The BBC called it Answer Engine Optimisation. A Princeton research paper called it Generative Engine Optimisation. Some people say LLMO, for Large Language Model Optimisation. Others just say "AI SEO" and leave it at that.

They all mean the same thing: making your business visible to AI search engines like ChatGPT, Perplexity, and Gemini.

The fact that nobody can agree on a name tells you everything about where this field is right now. It's early. Really early. Think SEO in 2005, when people were still stuffing keywords into white text on white backgrounds and it actually worked.

GEO is the term that seems to be winning in academic circles. The Princeton paper that coined it ran experiments showing that citations, statistics, and quotations in content improved visibility in AI-generated responses. Their approach was sound, but it focused on informational content -- articles, guides, that sort of thing. Local business search is a different animal.

AEO is the term the BBC and the marketing industry prefer. It's broader. Any engine that gives you a direct answer instead of a list of links is an "answer engine." Google's AI Overviews, ChatGPT, Perplexity -- they all qualify.

LLMO is the most technically accurate but nobody outside of tech circles uses it. It won't stick.
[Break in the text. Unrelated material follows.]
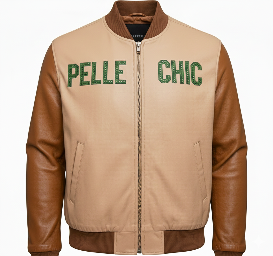 The detailed green and brown embroidery stands out beautifully against the soft neutral leather base, while stud embellishments add depth and a premium finish. The bold PELLECHIC branding and LIMITED EDITION embroidery enhance the exclusivity of this statement piece.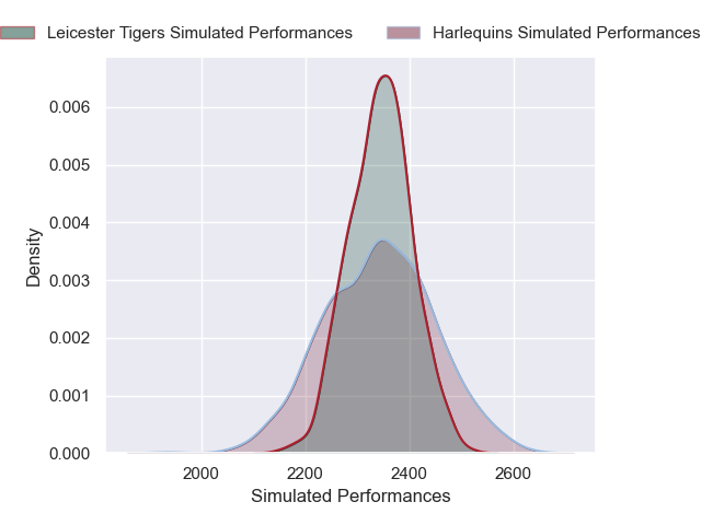 Each club has a rating and a rating deviation (similar to a Glicko rating), and expected performances can be generated. This allows for simulated matches and spreads like the ones below.

The confusion around naming reflects a bigger problem. Most of the advice floating around is recycled SEO tactics with an AI label slapped on. "Add schema markup for AI visibility." "Create FAQ content for ChatGPT." "Update your robots.txt to allow AI crawlers." We tested all of these across 1,000 businesses. None showed more than 10% correlation with actually appearing in ChatGPT results.

The field doesn't just lack a name. It lacks proven playbooks. The people writing guides about GEO are mostly extrapolating from how they think AI search works, not from testing what actually makes a business appear or disappear.

That's the opportunity. Most businesses haven't heard of GEO, AEO, or any of these terms. The businesses that have heard of it are getting advice that our data says is wrong. And the tools that exist to help -- Otterly, Peec, Profound -- cost $189 to $399 a month and target enterprise marketing teams, not local businesses.

We don't particularly care which name wins. What we care about is that the advice attached to these terms starts matching reality. Right now it doesn't. The gap between what's being sold as AI optimisation and what our experiments show actually works is wide. We're trying to close it.